On hair, boyishness, and feminism
September 13, 2014
I hated my long hair.
Don’t get me wrong– as a child, I had a 10 year old friend with a glossy, elegant, brunette mane. It flowed over her shoulders, down her back, even all the way to her bottom. My 5-year-old self aspired to grow my hair out like that someday. Now, hair like that seems like a bother.
Before 8th grade, anything resembling a “boy’s haircut” was out of the question. I cherished my tresses as one would a kitten. I hated it when my parents or relatives told me “Hey, have you thought about getting a bob? I think it would look cute on you,” because I knew they were trying to coax me out of this style rut. I was having none of that.
I never spent much time putting any product in my hair because I knew that it would just become a frizzy mess by the end of the day, and, heck, my middle school self had better things to do than blow-dry an inevitable disaster. I tried different trendy hairstyles like layering and side bangs in an effort to mimic the luscious locks of celebrities I didn’t otherwise know much about, but that didn’t make it any more manageable. I had this hair that I could style and flaunt, why not keep it? I usually kept it in a ponytail, anyway.
In the summer before I started high school, I wanted to try something new. Ponytails and braids were getting on my nerves, and fancy hairstyles were the last thing I wanted. A thought crossed my mind: what if I didn’t have to have a ponytail anymore? I could cut it all off. Rachel Maddow did. Emma Watson did.
No, I thought. That’s way too risky.
However, a good friend of mine had a bob, and it wouldn’t be high treason to try something similar. It would buy me some time to think about that rogue notion of having a pixie cut. Summer was coming, anyway.
The bob haircut lasted for two years. Then, on my 16th birthday, I wanted to surprise everyone with a pixie cut. None of my friends had hair much shorter than their shoulders, so this was a bold move.
Of course, I chickened out. “My birthday’s in December,” I thought, “so maybe I should wait until it gets a bit warmer.”
So, I compromised and cut my hair a week before spring break.
Most of my friends had nice things to say about my complete style change: “Woah! Nice!” “That is so great!” “You pull that off pretty well!” A teacher who I hadn’t talked to since sixth grade stopped me in the hall and said “Lookin’ sporty, Emma!”
I go to a girls school. I’m not often exposed to male hairdos. So, when I debuted my pixie cut at a city orchestra rehearsal, I realized that I had the same haircut as many of the boys. As a person who often compares herself to others, this was scary.
Then, there was lunch. One of my friends wanted me to french-braid her hair, which launched into a braiding circle. Exclusion from that ritual disconnected me from many of my peers.

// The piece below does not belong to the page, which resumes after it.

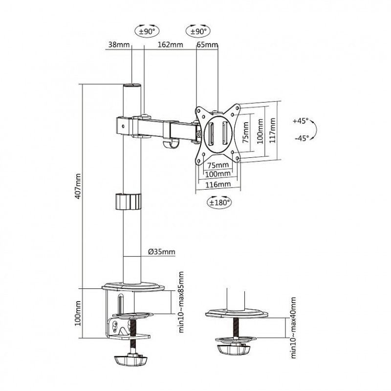 Equip Tischhalterung 17"-32"/1TFT 360° H.verst. 9Kg weiß retail

And, of course, there’s the wind-blown hair conditioner ads and Pinterest hair tutorials and pictures of fancy updos on Instagram and that one blunt friend who asks “Emma! What did you do to your hair?!”
That’s when I started to regret my decision. According to the world around me, I had given up my femininity.
This wasn’t true. I couldn’t go back that longer hairdo immediately, so I had some time to think about my choice.
There are obvious perks to having short hair. I don’t miss the drawn-out showers, the search for a ponytail holder, or constant worrying as to whether my hair has turned into a frizzball. I’m never concerned about stray hairs catching in the compound miter saw. Exercise has never been easier.
Over time, I found ways to be less “boyish,” as my meaner peers called it. I wear earrings where my hair used to cover, and I feel free to wear more flattering clothes and makeup. Ignoring the pressure from billboards, TV, and my friends, I did what made sense for me. My self confidence has tripled. Now, when I see boys who have the same hairstyle as I do, I think “Nice. I can pull that off, too.”
I’ve also realized how cumbersome long hair was. Why did I like it so much?
Once in engineering class I was building a bench outside in the Texas heat. When my friend bounced over, her “natural” ombre blondish hair rippling against her back, I almost wanted to say, “How on earth can you stand that stuff on your neck? I’m sweating just looking at you!” Of course, she couldn’t abandon her God-given beauty. Instead of pulling back her tresses, she let them fall in front of her face as she leaned over to hand me a sanding block.
My long hair was never called anything but, at best, “pretty,” or “cute,” and at worst, “stringy.” I’ve never heard “That’s a nice head of hair you got there. I bet it comes in handy when you’re doing science homework,” or “Gee, it’s convenient your hair is that long. What would we do without it?”
Hair is a thing that grows out of our head to keep our heads warm. Everyone has it. You can style it to express yourself. You could keep it close to your head and out of the way, like I did. Maybe I won’t ever have my hair french braided again. Maybe no one will curl my locks into ringlets for prom, but I’m fine with that.
I’m not telling you how to style your hair. Keep it long, cut it, dye it, whatever. Feminism is all about each woman doing her own thing. Do what matches your lifestyle.
But, ladies, if we want to get stuff done, we need to put our hair up. It’s going to get in the way. Hair is an accessory, treat it like such.